What you should do ->
Your output should be exactly the lines from the one containing "Bold black and" through the last line of the listing, and nothing else. Pictures stay out.

Information supplied ->
---

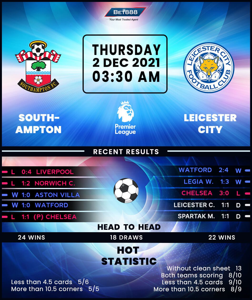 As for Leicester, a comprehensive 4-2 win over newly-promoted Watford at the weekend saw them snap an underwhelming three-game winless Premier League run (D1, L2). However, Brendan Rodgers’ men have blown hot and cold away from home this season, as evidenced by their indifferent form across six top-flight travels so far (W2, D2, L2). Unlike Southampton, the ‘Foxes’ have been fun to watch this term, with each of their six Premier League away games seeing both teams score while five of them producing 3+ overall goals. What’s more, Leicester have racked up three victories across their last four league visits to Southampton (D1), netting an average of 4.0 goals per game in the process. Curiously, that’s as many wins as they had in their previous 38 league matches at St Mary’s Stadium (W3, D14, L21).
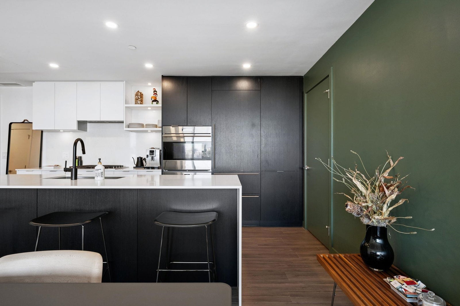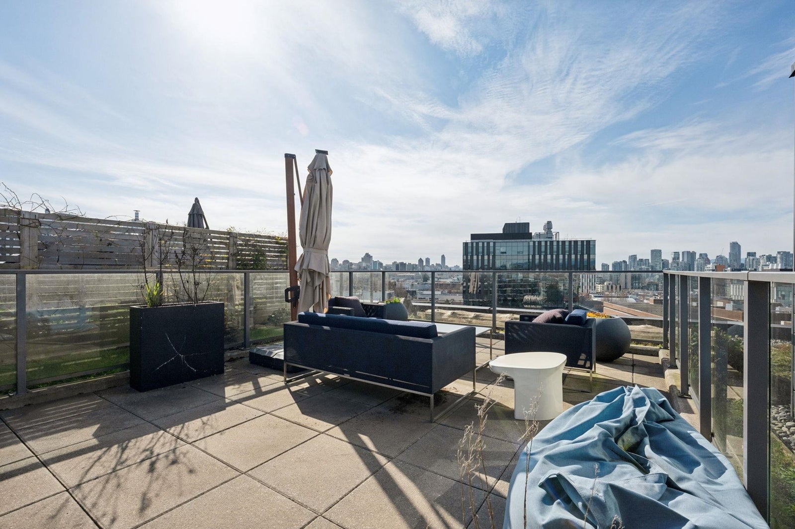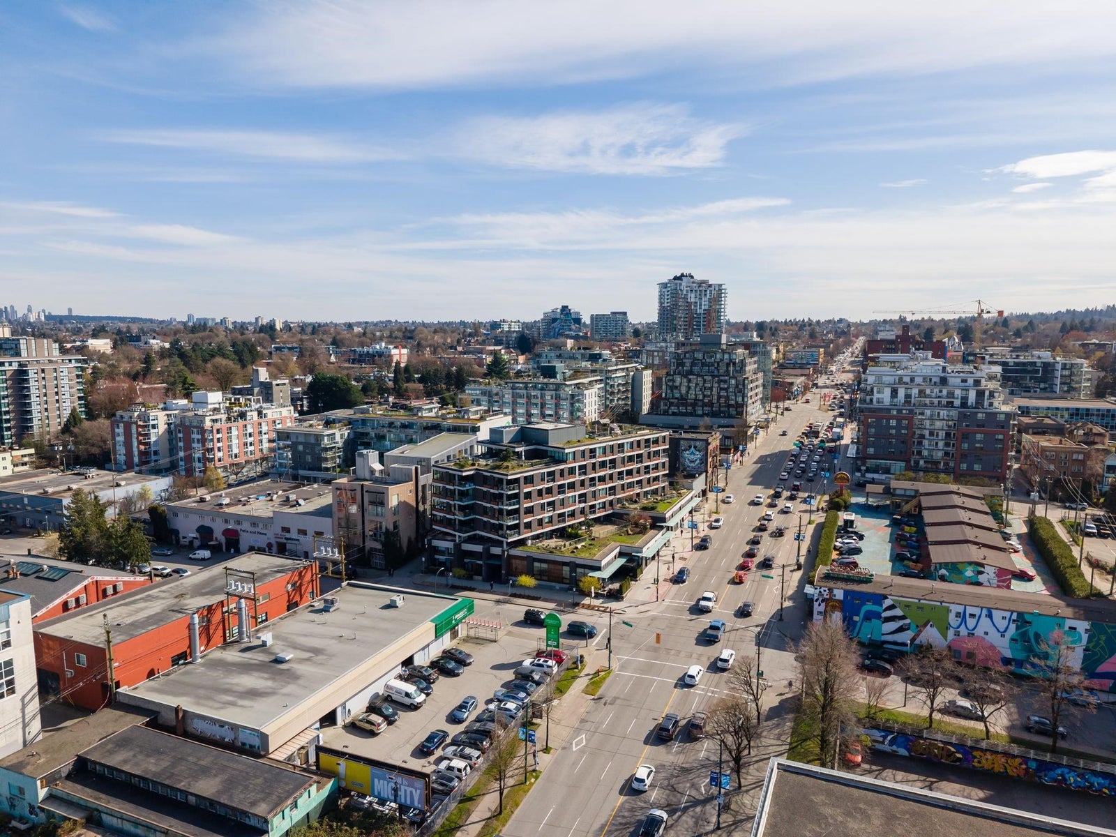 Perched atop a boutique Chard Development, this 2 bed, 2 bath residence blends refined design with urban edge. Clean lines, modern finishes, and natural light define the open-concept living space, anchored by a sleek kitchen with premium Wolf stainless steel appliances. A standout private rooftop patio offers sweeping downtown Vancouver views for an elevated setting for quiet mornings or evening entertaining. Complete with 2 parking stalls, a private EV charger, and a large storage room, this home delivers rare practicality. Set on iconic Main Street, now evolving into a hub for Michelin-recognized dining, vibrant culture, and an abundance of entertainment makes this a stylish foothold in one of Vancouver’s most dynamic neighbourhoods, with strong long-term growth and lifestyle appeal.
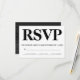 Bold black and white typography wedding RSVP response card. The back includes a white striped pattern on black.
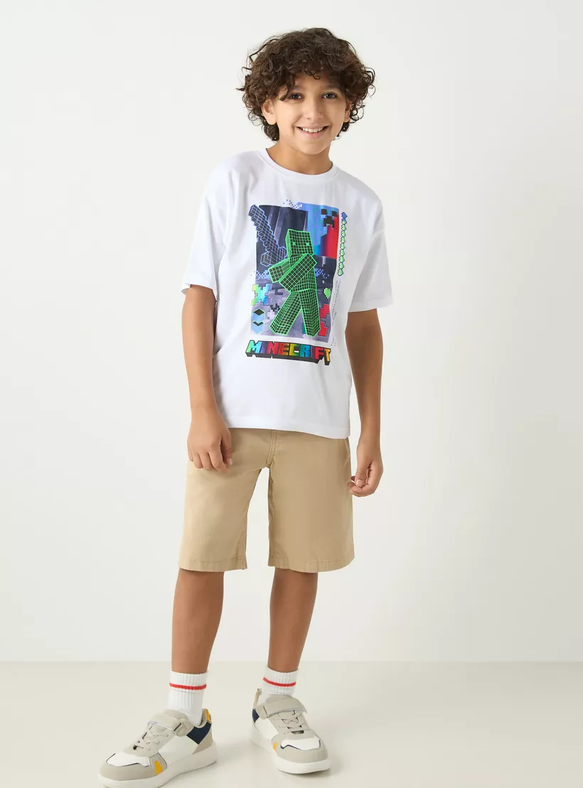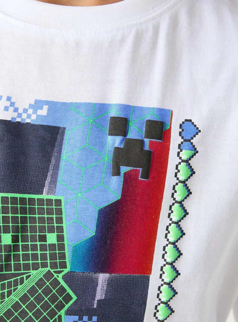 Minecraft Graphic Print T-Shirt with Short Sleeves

---

Solution to the exercise ->
 Bold black and white typography wedding RSVP response card. The back includes a white striped pattern on black.
 Minecraft Graphic Print T-Shirt with Short Sleeves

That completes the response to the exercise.